→ WHAT YOU SHOULD DO
Although the records contain pictures, none belong in the copy: restate word for word only the lines from the one with "2. barber shop" through the one with "Figure 7 Nasal", both included.

*** DATA SUPPLIED ***

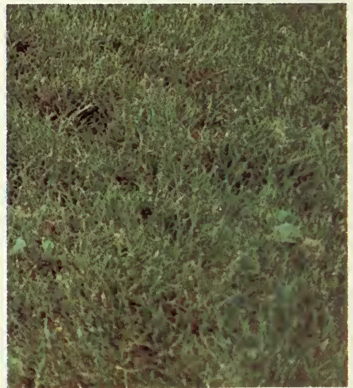
Fig. 12. A lawn before and after treatment with a herbicide.
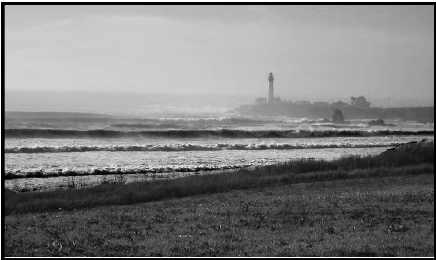
Surf's up. Rides sponsored by the Santa Cruz club often go past the Pigeon Point lighthouse.
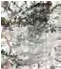
Roses in Vase
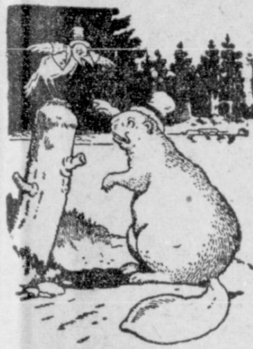
"Let's be friends," said he.

Now, of course this wasn't a nice thing for Paddy to do, for it only made Old Man Coyote all the angrier. You see, Paddy knew perfectly well that Old Man Coyote has no love for the water, while Paddy lives in it most of the time. So, knowing that he was perfectly safe, he just couldn't resist the temptation to say some unkind things. You know he had had to be on the watch for days lest he should be caught, and so he hadn't been able to work quite so well as he could have with nothing to fear, and he still had a
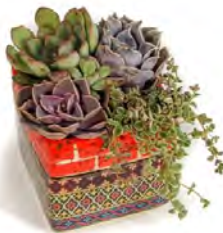
Barcelona Square 3" $6.00 each
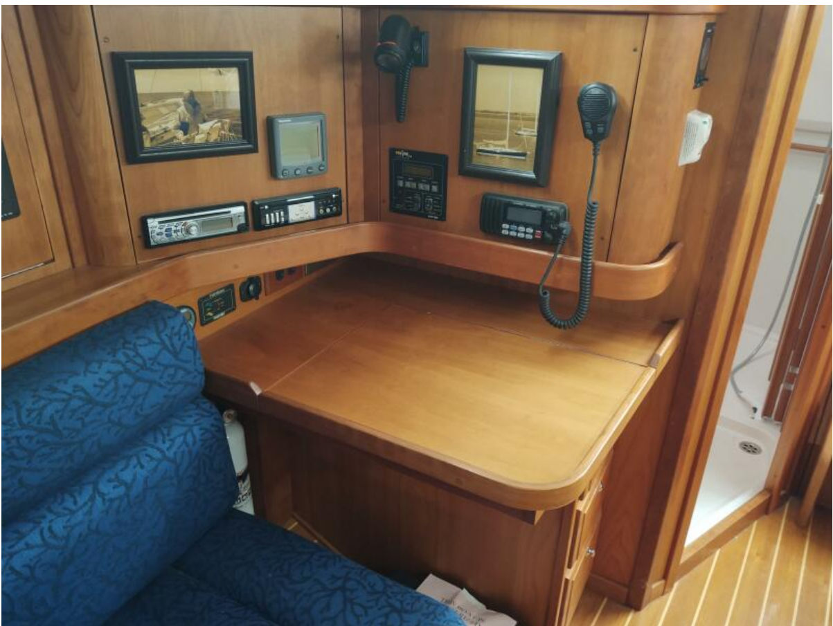
Synergy nav table
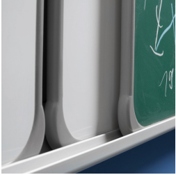
Board elements with ASSODUR® edge can be moved one behind the other
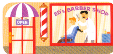
2. barber shop
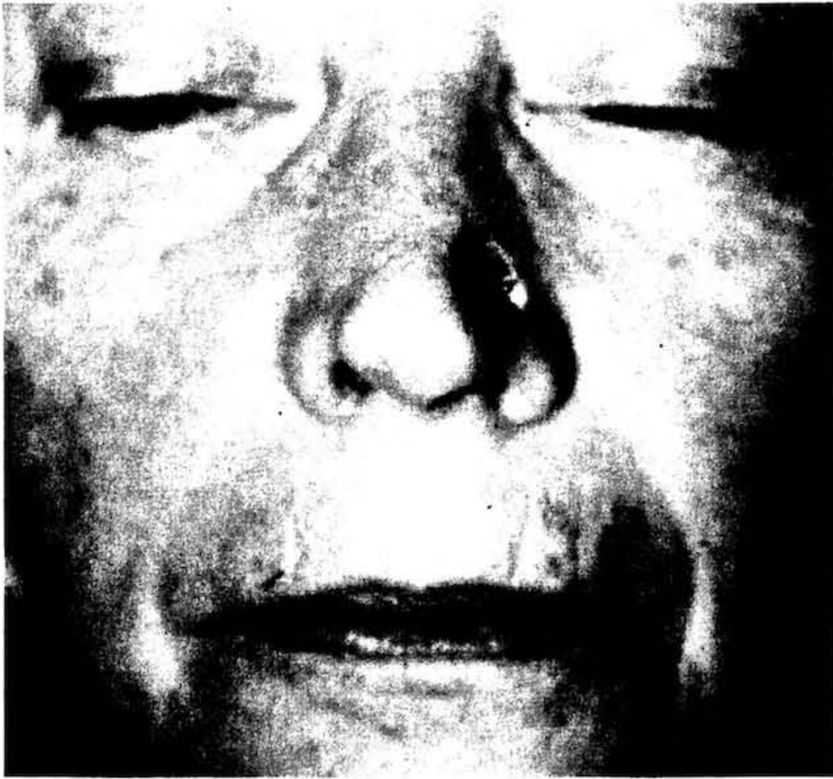
Figure 7 Nasal defect after excision of basal cell carcinoma.

lowing the junctions between the esthetic subunits of the nose. Planned excision of the standing cutaneous cone noted after flap rotation leaves a scar at the junction between the alar and sidewall subunits. Moreover, full cone excision is possible without risking devascularization of any portion of the flap. The external nose lymph drains to the facial lymph nodes primarily via lymphatic channels traversing the cheek-nose junction. This area is left intact with our flap, resulting in minimal flap lymphedema compared to the distal portion of the Reiger flap. Preservation of laterally oriented vascular channels and a favourable length-to-width ratio contributes to the venous and lymphatic drainage of our
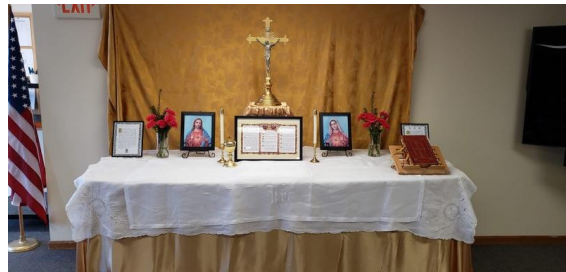
Above, lovely 'makeshift' altars for the Ambulance Hall in the Sparta, NJ area. Below, the basement Chapel Altar at the Tannersville, PA chapel.
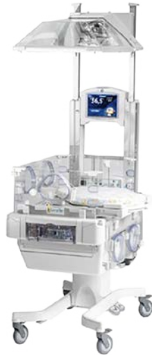
Maternity Infant Care Solutions - MIC

*** End of DATA SUPPLIED ***

→ RESULT
2. barber shop
Figure 7 Nasal defect after excision of basal cell carcinoma.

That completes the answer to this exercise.